*Action item*: Once you reach the line with "En revanche, la" below, copy each line exactly, stopping after the line with "Wir bieten die", and skip any pictures.

*Supplied records*:
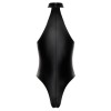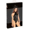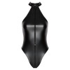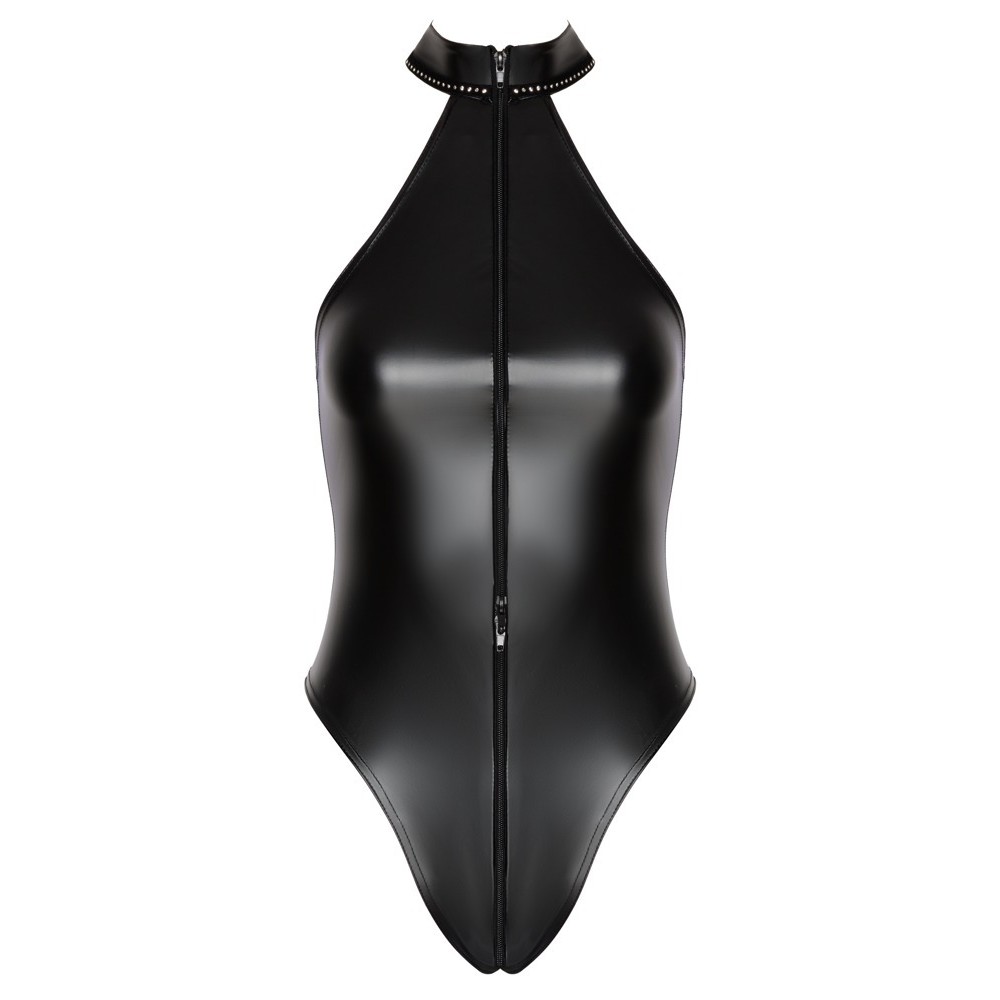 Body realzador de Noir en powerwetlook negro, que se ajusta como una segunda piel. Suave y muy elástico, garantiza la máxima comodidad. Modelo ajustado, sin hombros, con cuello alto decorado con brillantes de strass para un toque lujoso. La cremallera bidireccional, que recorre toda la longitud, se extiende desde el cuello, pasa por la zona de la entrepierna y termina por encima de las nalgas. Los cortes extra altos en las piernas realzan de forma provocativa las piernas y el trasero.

---

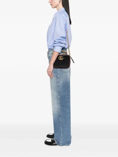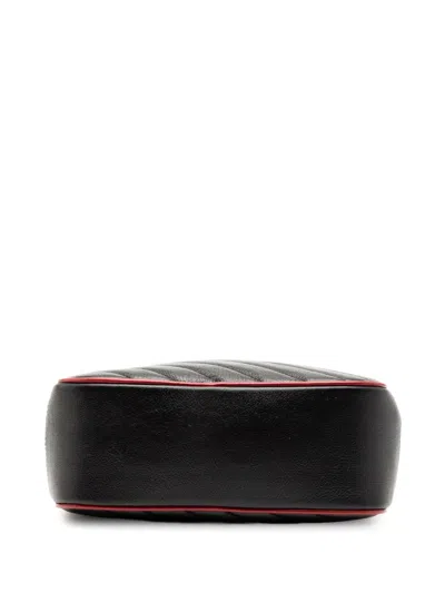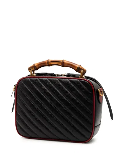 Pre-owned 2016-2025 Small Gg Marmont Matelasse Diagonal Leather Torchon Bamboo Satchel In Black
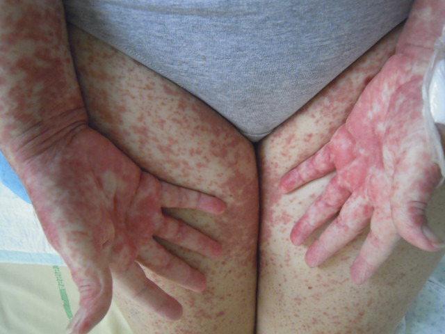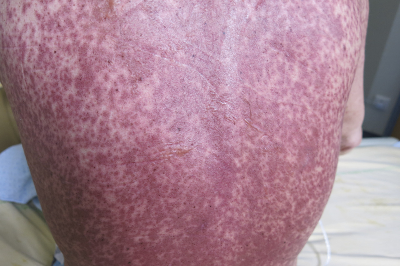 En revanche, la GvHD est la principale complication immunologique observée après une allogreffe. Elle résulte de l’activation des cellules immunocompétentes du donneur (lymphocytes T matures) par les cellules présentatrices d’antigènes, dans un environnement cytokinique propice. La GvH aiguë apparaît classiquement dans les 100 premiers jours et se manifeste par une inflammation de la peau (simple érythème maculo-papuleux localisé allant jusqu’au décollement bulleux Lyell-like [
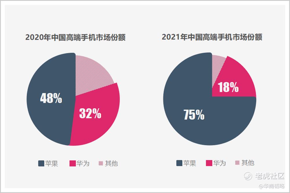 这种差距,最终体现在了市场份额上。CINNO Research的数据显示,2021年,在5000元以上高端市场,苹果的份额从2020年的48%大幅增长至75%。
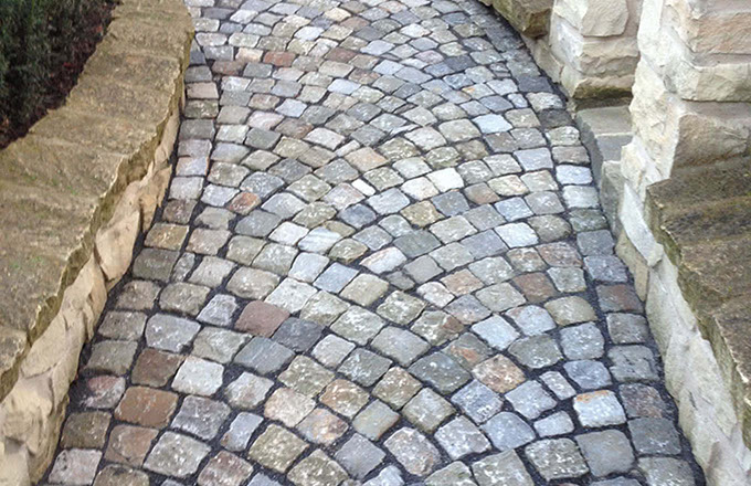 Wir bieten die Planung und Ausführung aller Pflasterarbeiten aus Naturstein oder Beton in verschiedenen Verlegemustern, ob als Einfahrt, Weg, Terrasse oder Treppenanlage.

*Task response*:
 En revanche, la GvHD est la principale complication immunologique observée après une allogreffe. Elle résulte de l’activation des cellules immunocompétentes du donneur (lymphocytes T matures) par les cellules présentatrices d’antigènes, dans un environnement cytokinique propice. La GvH aiguë apparaît classiquement dans les 100 premiers jours et se manifeste par une inflammation de la peau (simple érythème maculo-papuleux localisé allant jusqu’au décollement bulleux Lyell-like [
 这种差距,最终体现在了市场份额上。CINNO Research的数据显示,2021年,在5000元以上高端市场,苹果的份额从2020年的48%大幅增长至75%。
 Wir bieten die Planung und Ausführung aller Pflasterarbeiten aus Naturstein oder Beton in verschiedenen Verlegemustern, ob als Einfahrt, Weg, Terrasse oder Treppenanlage.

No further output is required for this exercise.